I was finally able to get relatively good performance out of my xeon max system… however I don’t completely understand why the configuration is working well.
I used numactl to control which CPUs and which NUMA nodes the application ran on rather than relying on the kernel to automatically schedule it or the userspace arguments to dictate the NUMA configuration. The most optimal configuration turned out to be running all compute on all the CPUs in 1 socket but letting it access the NUMA memory nodes both on the local socket and the remote socket.
I understand that a lot of the performance problems were caused by cross socket latency from the VTune profiler’s report, so it makes some sense that constricting the workload down to a single socket with relatively good latency improved performance, but I don’t understand how remote socket HBM improves the situation; there must be some kind of hardware-level cache coherency scheme going on that I don’t understand. This also explains why AMD Epycs don’t perform as well as you would expect them to; I’m speaking to the multiphysics benchmark rather than the CFD-only benchmark which the Epyc does very well on.
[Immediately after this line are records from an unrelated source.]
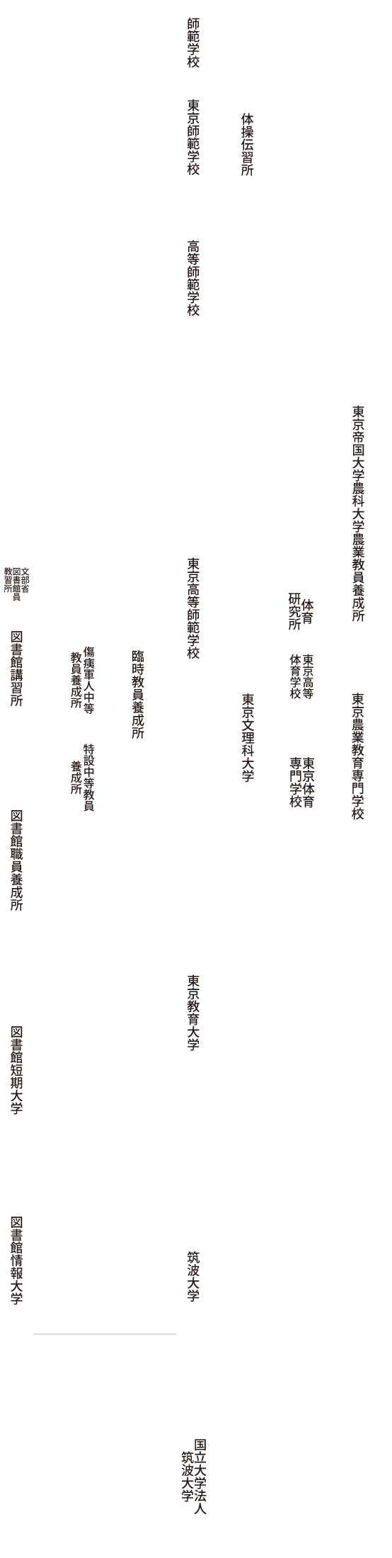筑波大学の起源は1872年、日本初の教員養成機関として発足した「師範学校」にさかのぼります。それから101年、東京教育大学の移転を契機に、よき伝統と特色を生かしながらも、わが国ではじめて抜本的な大学改革を行い、1973(昭和48)年に「開かれた大学」を建学の理念に総合大学として発足しました。開学から40有余年、筑波大学は初心を忘れず、しかもつねに時代を先駆ける大学を目指して不断の改革を続けています。 1872 東京に師範学校設立。 1886 東京師範学校は高等師範学校と改称。 1893 嘉納治五郎、校長に就任。 講道館柔道の創始者。高等師範学校・東京高等師範学校の校長を3期23年余りにわたって務め、教育改革を行いつつ、日本の学校教育の充実、体育・スポーツの発展、そしてオリンピック・ムーブメントの推進に活躍。 1920 東京箱根間往復大学駅伝競走大会優勝 金栗四三が設立した、東京箱根間往復大学駅伝競走大会(現在の箱根駅伝)第1回で東京高等師範学校が初優勝を飾った。 1929 東京文理科大学設置。 1949 国立大学設置法(昭和24年法律第150号)により東京教育大学設置。 1956 朝永振一郎、学長に就任。 東京教育大学第2代学長。1965年、ノーベル物理学賞受賞。くりこみ理論の発明により、量子電気学の発展に寄与。1969年、東京教育大学名誉教授。 1973 国立大学設置法の一部を改正する法律(昭和48年法律第103号)により筑波大学を設置。 1992 江崎玲於奈、学長に就任。 筑波大学第5代学長。1973年、ノーベル物理学賞受賞。量子論的トンネル効果の実証など現代のエレクトロニクスの基礎を担う半導体物理学分野の発展に寄与。1998年、筑波大学名誉教授。 2000 白川英樹名誉教授、ノーベル化学賞受賞。 プラスティックは電気を通さないという従来の常識を覆し、高分子科学分野において「導電性ポリマー」を発見。新たな領域の開拓に寄与。2000年、筑波大学名誉教授。 2002 国立学校設置法の一部を改正する法律(平成14年法律第23号)により図書館情報大学と統合。 2004 国立大学法人法(平成15年法律第112号)により国立大学法人筑波大学を設置。 沿革図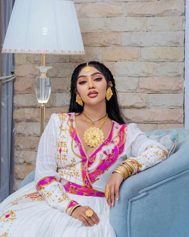 Enchanting Habesha wedding dress radiates beauty and elegance with its captivating pink hue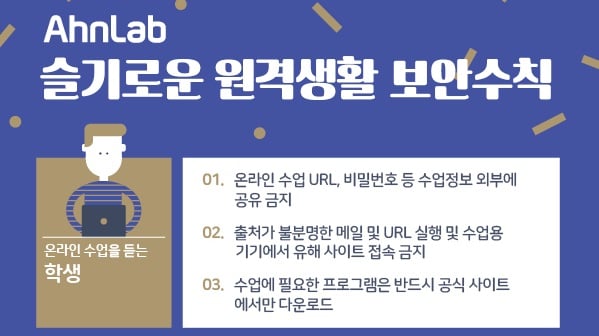 다음은 온라인 개학을 맞아 원격 수업 시 보안사고 피해를 막기 위해안랩(59,700원 ▲100 +0.17%)이 10일 제시한 '슬기로운 원격생활 보안수칙'이다.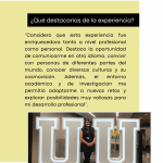 ¿Qué destacarías de la experiencia? Considero que esta experiencia fue enriquecedora tanto a nivel profesional como personal. Destaco la oportunidad de comunicarme en otro idioma, convivir con personas de diferentes partes del mundo, conocer diversas culturas y su cosmovisión. Además, el entorno académico y de investigación me permitió adaptarme a nuevos retos y explorar posibilidades muy valiosas para mi desarrollo profesional.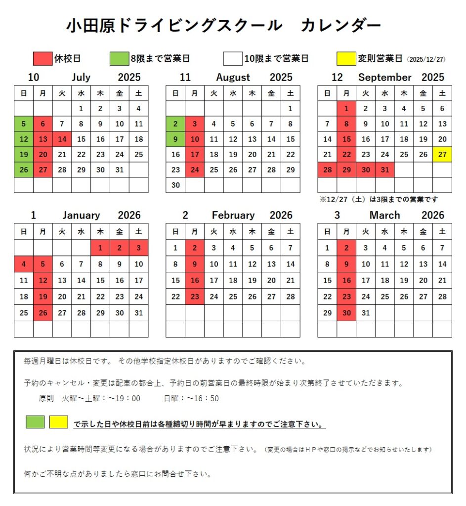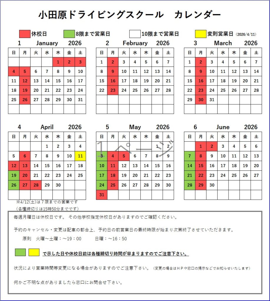 カレンダー 営業時間 定休日 月曜日火曜日~土曜日8:40~19:50日曜日8:40~17:40※イベントや年末年始、変則営業日、臨時休業等あり。※窓口業務(入校手続き等)は各日営業終了50分前で終了します。 教習時間 ※月曜日は定休日です。 ※日曜日の営業は8時限目までとなります。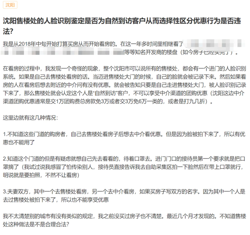 原来,一个月前,这位网友通过中介购买了XX文苑的一套房屋。但在8月4日,他被售楼处告知,售楼处的人脸识别系统曾经识别到与他相似的人独自看房,因此他属于自然到访客户,不属于中介渠道客户,不能享受渠道优惠。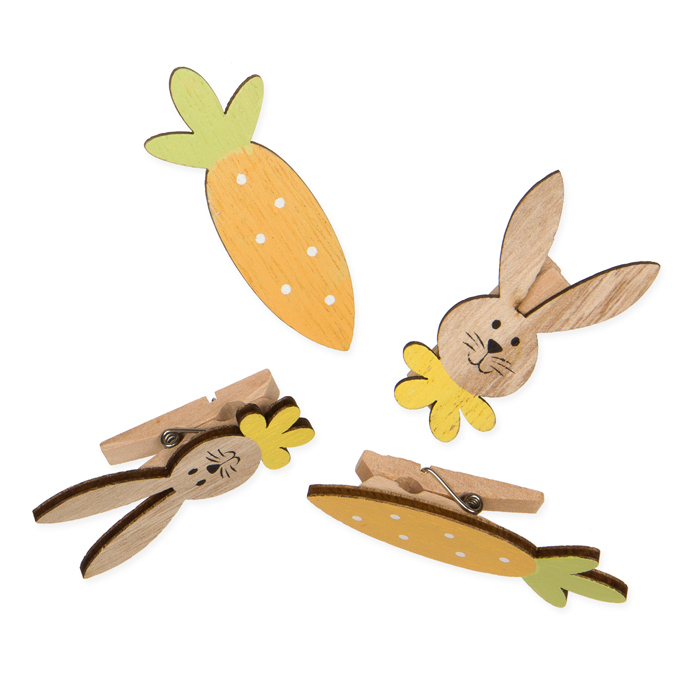 wooden deco clips "Rabbits/Carrots", Easter deco 23475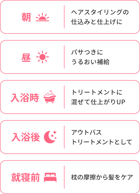 髪の状態に合わせて自由に使えるヘアケアアイテムです。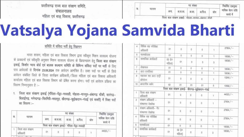 Vatsalya Yojana Samvida Bharti 2024– छत्तीसगढ़ राज्य बाल संरक्षण समिति एवं महिला एवं बाल विकास, छत्तीसगढ़ के द्वारा हाल ही में विभिन्न जिलों में वात्सल्य योजना संविदा भर्ती 2024 के लिए अधिकारिक अधिसूचना को जारी किया है।और इच्छुक उम्मीदवारों को आवेदन करने के लिए आमंत्रित किया है।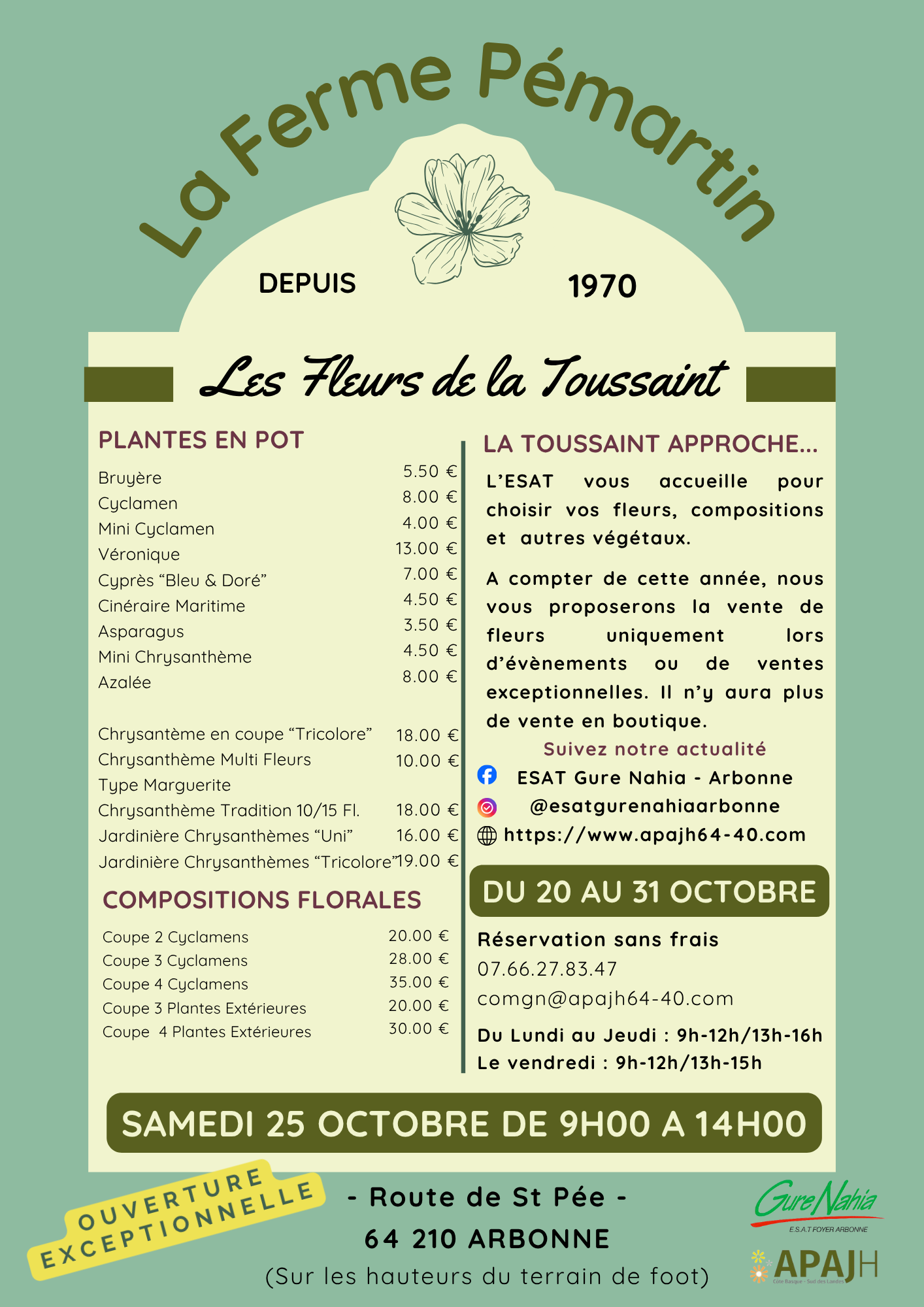 👉 Réservation sans frais : Vous pouvez réserver vos fleurs en contactant le 07.66.27.83.47 ou par e-mail : comgn@apajh64-40.com.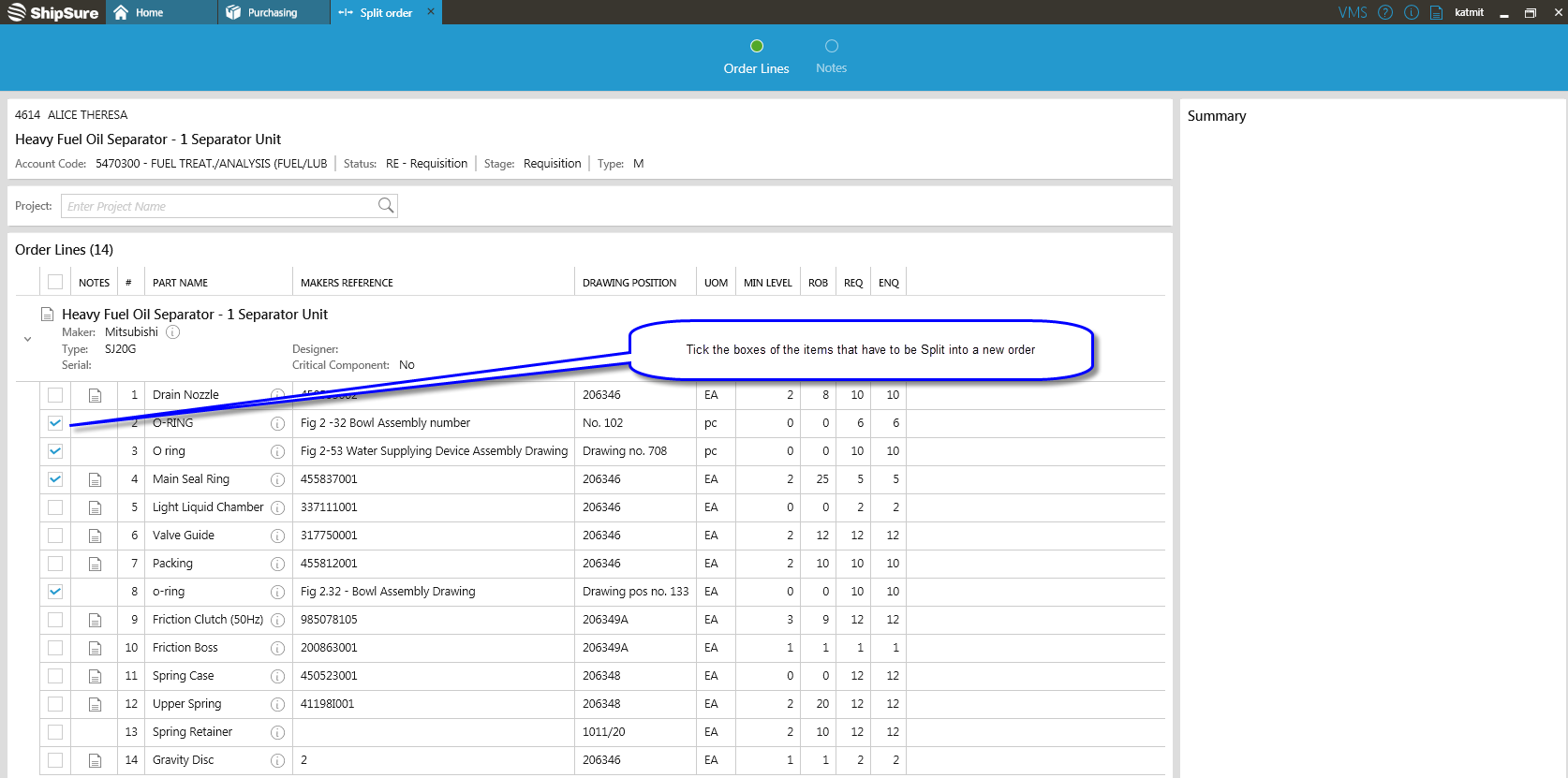 - Open the requisition / enquiry you want to split, then click the [Split Order] button at the top of the screen.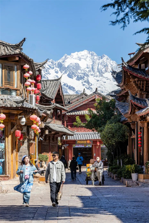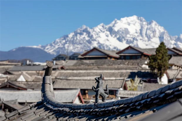 玉龍雪山在屋檐上若隱若現(xiàn),銀冠映照著青瓦,宛如老東巴蘸著雪水書寫的象形文字,神秘而古老,讓人心生敬畏。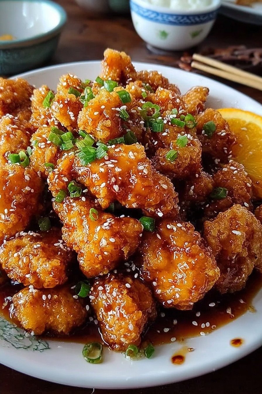 Step four coat and serve Return chicken to the pan and toss until every piece shines. Taste and adjust salt or sweetness. Serve with rice and a squeeze of fresh orange.
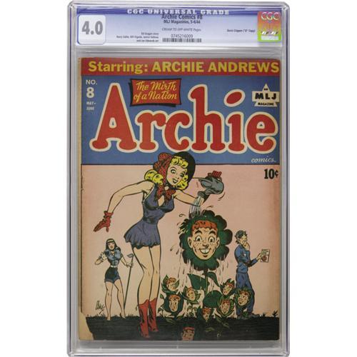 <B>Archie Comics #8 Davis Crippen ("D" Copy) pedigree (Archie, 1944) CGC VG 4.0 Cream to off-white pages.</B></I> Here's the only unrestored copy of this issue that has been certified as of this writing! If you haven't been following the results of the "D" Copy <B>Archie</B></I>s in our previous auctions, let us give you a word to the wise: budget a large amount. This issue's cover is by Harry Sahle. Overstreet 2006 VG 4.0 value = $208. CGC census 9/06: 1 in 4.0, none higher. <I>From the Crippen Collection.</B></I><BR><BR><b>Shipping:</b> Slabbed Comic (<a target="_blank" href="http://www.heritageauctions.com/common/shipping.php">view shipping information</a>)

Here’s what the NUMA configuration of the computer looks like in HBM-only mode:
and this is the command that results in the best results so far numactl -C 0-55 -m 0-7 ./comsol62_benchmark_CFD_EM_60GB_Linux_x86-64.sh -np 56
multiphysics run:
CFD-only run:
This is a fairly substantial score, beating the current chart topping dual Genoa F-sku CPUs by ~20%, although I’m willing to bet that the Eypc’s performance could have been improved by not letting Linux schedule process threads on laggy cores.